AIM OF THE EXERCISE:
Starting at the top line and ending at the bottom one, repeat the entries exactly and drop every picture.

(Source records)
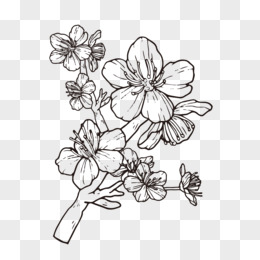 手绘黑色线稿格桑花素材
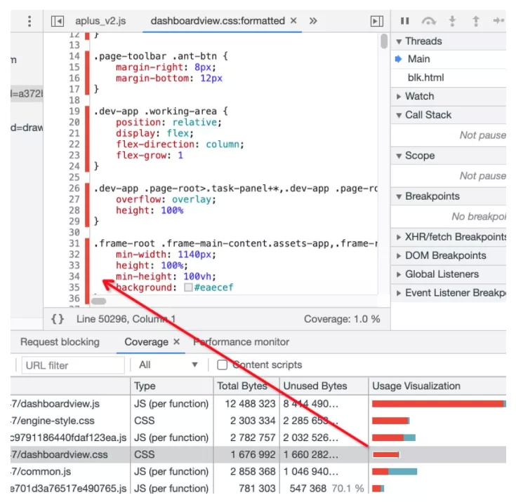 当然,还有一种直观的方式,可以采用Chrome的Coverage功能来辅助判定哪些代码被使用(如下图):
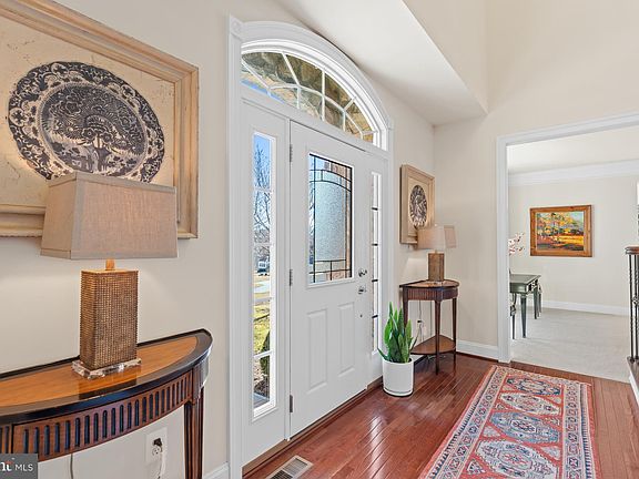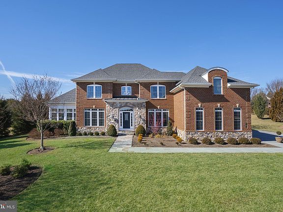 Built to perfection in 2014, this beautiful home in Scaleby Farm boasts more than $340,000 in upgrades and custom features from the base home model. Situated on a 2.2 acre lot and featuring approximately 7,700 sf of finished living space, this stunning property offers everything that appeals to discerning buyers. The curb appeal is evident by the use of brick and stone for the exterior and the landscaping designed by Robinson Anderson Summers Inc, a firm that has done landscaping for US Botanical Gardens and Nemours Mansions and Gardens. Quality and craftsmanship prevail in the architectural features, fine materials and design elements used throughout the home. Upon entering, one immediately appreciates the thoughtfully designed and appointed living spaces, creating a timeless and inviting home. The foyer features gleaming hardwood floors, a grand two-story staircase crafted of solid oak and metal balusters. The foyer is flanked by the dining room and living room, all with deep crown molding and warm, neutral paint. The living room leads to the magnificent conservatory with its walls of windows. The abundance of natural sunlight and views of the grounds create a lovely room for relaxing and entertaining. It is also the perfect space to nurture and enjoy plants and flowers. Once back to the two-story foyer, you notice the clear sight line to the Great Room and outdoors. The Great Room is truly the heart of the home. Coffered ceiling, gas fireplace with floor to ceiling stone veneer and large windows, create a light-filled space that is both elegant and comfortable, scaled for intimacy and warmth. The Great Room is open to the kitchen and breakfast room.The expansive kitchen also features a coffered ceiling, lending a cohesive design and flow. Stunning 42” cabinetry, Viking appliances, including a six-burner built in cooktop, large center island and granite counters are only a few of the custom features. There is a morning room/breakfast room for casual dining and enjoying morning coffee. The kitchen has access to the lovely stone patio with gas fire pit and built-in grille, providing beautiful outdoor living space. The first level also has a handsome study, featuring built-in cherry bookcases. A laundry room and powder room round out this first floor living area. A third staircase from the kitchen provides access to the second floor. The large primary bedroom is truly an oasis. A tray ceiling adds interest and sophistication to the space and the seating area and balcony lend cozy spaces to relax. One will feel pampered in the en-suite spa-like bath. There is a large, tiled shower with full glass enclosure, soaking tub with jets and double vanities with expansive counter space. Walk-in closets allow for plenty of storage. Three additional bedrooms, two additional bathrooms, all with ample closet space, complete the second level. The basement has over 2,000 sf of finished living space. It is divided into four distinct rooms - a recreation room, a custom designed theatre room, a fitness room, and home office/bonus room. The lower level also includes a finished full bathroom. Two additional unfinished storage areas leave plenty of room for storage. This home energy certified and has a whole house generator should it be necessary. Impeccably maintained and lovingly cared-for by the original owners, one must see this home to truly appreciate all that it has to offer.
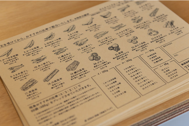 ・オーダーシートを用いてお好みの素材を複数選定し、配合を決めます。初めての方には旨味成分であるグルタミン酸、イノシン酸、グアニル酸などのバランスをとった、尾粂おすすめの黄金比でブレンドも可能。
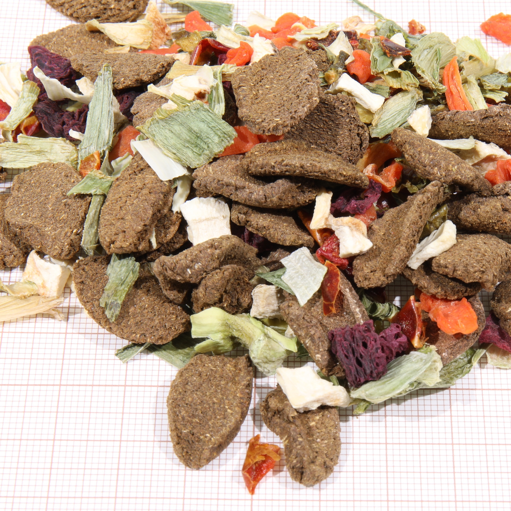 - 54 % zeleniny pro zdravou stravu bohatou na vitamíny. Vyvážená směs šetrně sušené zeleniny s čistým zeleninovým extrudátem
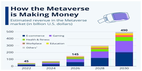Moreover, the world of gaming with the help of MR and VR can take players into the environment of the game and would no longer need a console and controller as the player’s environment could be morphed into that level and environment of the game they are playing. This tech could be achieved by MR (mixed reality), VR (virtual reality), or skeuomorphism for a multiplayer gaming mode. Figure 6 below shows that the estimated revenue in metaverse money-making, in US dollars, by the 2030s, will be USD 40 billion.

TASK SOLUTION:
 手绘黑色线稿格桑花素材
 当然,还有一种直观的方式,可以采用Chrome的Coverage功能来辅助判定哪些代码被使用(如下图):
 Built to perfection in 2014, this beautiful home in Scaleby Farm boasts more than $340,000 in upgrades and custom features from the base home model. Situated on a 2.2 acre lot and featuring approximately 7,700 sf of finished living space, this stunning property offers everything that appeals to discerning buyers. The curb appeal is evident by the use of brick and stone for the exterior and the landscaping designed by Robinson Anderson Summers Inc, a firm that has done landscaping for US Botanical Gardens and Nemours Mansions and Gardens. Quality and craftsmanship prevail in the architectural features, fine materials and design elements used throughout the home. Upon entering, one immediately appreciates the thoughtfully designed and appointed living spaces, creating a timeless and inviting home. The foyer features gleaming hardwood floors, a grand two-story staircase crafted of solid oak and metal balusters. The foyer is flanked by the dining room and living room, all with deep crown molding and warm, neutral paint. The living room leads to the magnificent conservatory with its walls of windows. The abundance of natural sunlight and views of the grounds create a lovely room for relaxing and entertaining. It is also the perfect space to nurture and enjoy plants and flowers. Once back to the two-story foyer, you notice the clear sight line to the Great Room and outdoors. The Great Room is truly the heart of the home. Coffered ceiling, gas fireplace with floor to ceiling stone veneer and large windows, create a light-filled space that is both elegant and comfortable, scaled for intimacy and warmth. The Great Room is open to the kitchen and breakfast room.The expansive kitchen also features a coffered ceiling, lending a cohesive design and flow. Stunning 42” cabinetry, Viking appliances, including a six-burner built in cooktop, large center island and granite counters are only a few of the custom features. There is a morning room/breakfast room for casual dining and enjoying morning coffee. The kitchen has access to the lovely stone patio with gas fire pit and built-in grille, providing beautiful outdoor living space. The first level also has a handsome study, featuring built-in cherry bookcases. A laundry room and powder room round out this first floor living area. A third staircase from the kitchen provides access to the second floor. The large primary bedroom is truly an oasis. A tray ceiling adds interest and sophistication to the space and the seating area and balcony lend cozy spaces to relax. One will feel pampered in the en-suite spa-like bath. There is a large, tiled shower with full glass enclosure, soaking tub with jets and double vanities with expansive counter space. Walk-in closets allow for plenty of storage. Three additional bedrooms, two additional bathrooms, all with ample closet space, complete the second level. The basement has over 2,000 sf of finished living space. It is divided into four distinct rooms - a recreation room, a custom designed theatre room, a fitness room, and home office/bonus room. The lower level also includes a finished full bathroom. Two additional unfinished storage areas leave plenty of room for storage. This home energy certified and has a whole house generator should it be necessary. Impeccably maintained and lovingly cared-for by the original owners, one must see this home to truly appreciate all that it has to offer.
 ・オーダーシートを用いてお好みの素材を複数選定し、配合を決めます。初めての方には旨味成分であるグルタミン酸、イノシン酸、グアニル酸などのバランスをとった、尾粂おすすめの黄金比でブレンドも可能。
 - 54 % zeleniny pro zdravou stravu bohatou na vitamíny. Vyvážená směs šetrně sušené zeleniny s čistým zeleninovým extrudátem
Moreover, the world of gaming with the help of MR and VR can take players into the environment of the game and would no longer need a console and controller as the player’s environment could be morphed into that level and environment of the game they are playing. This tech could be achieved by MR (mixed reality), VR (virtual reality), or skeuomorphism for a multiplayer gaming mode. Figure 6 below shows that the estimated revenue in metaverse money-making, in US dollars, by the 2030s, will be USD 40 billion.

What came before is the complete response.